Возраст положил естественный конец самым дерзким ее проказам и ее поведению девочки-сорванца. Однако на смену им Анастасия взяла на вооружение едкое и часто на грани безрассудства остроумие. Ее шутки – острые, злые, бьющие в цель и часто не приветствуемые – были направлены на то, чтобы унизить и высмеять, но кроме таких шуток Анастасия добилась многого в искусстве подражания {23}. Родственники, придворные, слуги – никто не мог укрыться от ее не знающего границ сарказма по поводу их слабостей и пороков. «Дамы, которые приходили навестить мою невестку, – вспоминает Ольга Александровна, – и подумать не могли, что где-то на заднем плане и невидимая для них младшая дочь императрицы следит за каждым их движением, за каждой их особенностью поведения, и позднее, когда мы останемся одни, все это будет показано нам. На словах это умение Анастасии не поощрялось, но, боже, как же мы веселились!» В особенности ей запомнилось, как ловко ее племянница представляла одну тучную графиню, которая утверждала, что, когда она увидела мышь, с ней случился сердечный приступ. Все это, признавалась Ольга, было «исключительно плохо», хотя при этом ей пришлось допустить, что все считали, что у Анастасии «был несомненный талант» {24}.
Возможно, эти мелкие шалости могли бы сказать о чем-то более важном, если бы Николай и Александра отнеслись к ним с большим вниманием, поскольку в разной степени, но все их дети проявляли некоторую незрелость. Императорская чета поощряла невинный легкий флирт с молодыми офицерами из команды на их яхте или с членами своей свиты, которые выступали в качестве партнеров девушек на танцах или во время игры в теннис, но вместе с тем она «продолжала считать их детьми», как вспоминала об этом Анна Вырубова {25}. «Даже когда две старшие дочери выросли и стали настоящими молодыми женщинами, – сказал один из придворных, – можно было заметить, что они говорят, как маленькие девочки десяти или двенадцати лет» {26}. Все было так, как хотела Александра: семья защищала детей от потенциально опасного и сомнительного в моральном отношении мира за пределами царского дворца, но это привело к тому, что и сын Александры, и ее дочери оказались изолированными от того эмоционального воздействия, которое могло бы в гораздо большей степени помочь им найти дорогу через грядущие бурные годы.
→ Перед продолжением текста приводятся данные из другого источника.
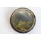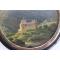 Ancienne boite ronde en bois laqué, couvercle orné d'une peinture sur cuivre sous verre, cerclage en pomponne Château, probablement dans les Alpes suisses diamètre de la peinture : 8,5 cm bon état

Собственные письма Анастасии служат убедительным свидетельством не только характера обыденной жизни, но также и той атмосферы детского сада, в которой она жила. «Я сижу и ковыряюсь в носу левой рукой, – пишет двенадцатилетняя Анастасия своему отцу. – Ольга хотела стукнуть меня, но я увернулась от ее свинской руки!» {27} Годом позже и опять в письме к своему отцу она рассказывает, как девятнадцатилетняя Ольга Николаевна «била Марию, и Мария орала как идиотка». И даже в то время, когда предчувствие беды и смерть реяли над всей империей, Анастасия находила смешным, что ее старшая сестра, вооружившись игрушечными ружьями, вела их всех на потешные баталии и возглавляла гонки на велосипедах по комнатам дворца {28}.